One of the men, the jaundiced one, said, “Vsyo v poryadke?”
“Net. Baz prablem.”
Kaley thought that word prablem sounded an awful lot like problem. She wondered if there was an issue between all the involved parties here that she might exploit. After all, hadn’t Oni just killed half a dozen co-conspirators of his? Maybe there was something in this she could use.
The doors opened, and Kaley was hauled out. The jaundiced man kept an iron grip on her elbow and had a pistol out, though so far he hadn’t pointed it at her.
Immediately, Kaley’s attention was turned to the back of the SUV. Her heart ached as she saw her little sister and the other little girl lying there, both their eyes shut, being grabbed by their arms and pulled out of the rear. Shan barely stirred. Her eyelids barely parted as the bad men lifted her and put her on the ground, where her feet touched so lightly that surely she was still half asleep. Shannon let out a single, somnolent moan. She’s really exhausted to sleep through all this, Kaley thought. Exhausted because it’s way, way past her bedtime, or else emotionally exhausted by all the—
That thought was dashed in an instant. Kaley felt what would happen next. She both saw it via the charm and felt it via the Anchor. She was close enough for the Anchor. Something swelled up inside her sister, something tiny that quickly became volcanic. It hit Kaley like a fist to her gut.
It all happened so fast she barely registered it.

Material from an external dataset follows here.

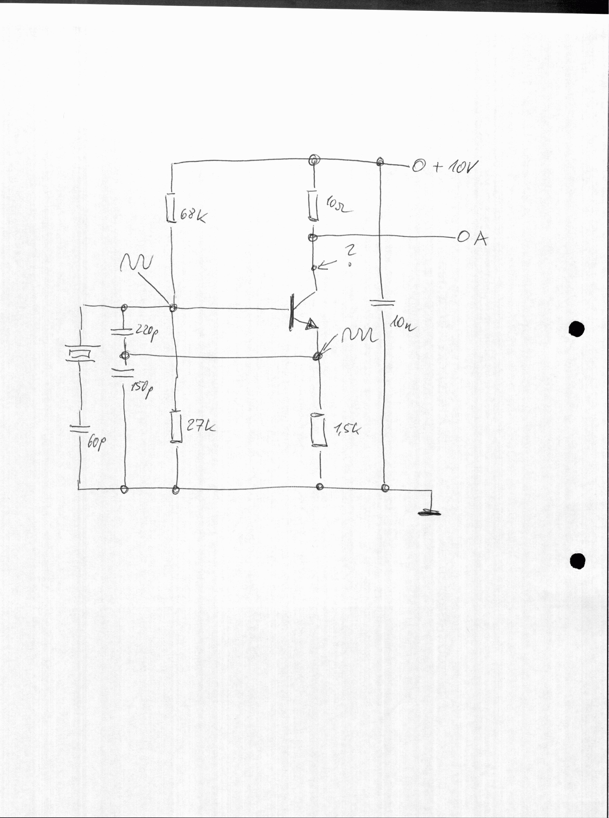 ... ich habe einen anderen Quarz =8MHz (Statt 15MHz) eingebaut und R5 durch 1,0k ersetzt. Am Ausgang kommt jetzt ein etwas verbogener Sinus mit 45,5mVeff raus. Laut Beschreibung sollen 30-50mVeff rauskommen. An der Basis= 3,51Veff (schöner Sinus mit 8MHz) Am Emitter= 2,45Veff (schöner Sinus mit 8MHz) DANKE!

One minute the driver was yelling something to Oni, who had stepped out of the house for a minute and was calling to him from the front door, and the next minute Shan suddenly punched one of the men in his balls with a viciousness she had never seen in her sister before. It was all so sudden that the man holding her elbow let go and she was off. He would’ve snatched Shan’s pigtails at once if Kaley hadn’t acted. Big Sister threw herself bodily onto the large man, who staggered backwards, trying to recover from the attack on his groin and Kaley’s dead weight.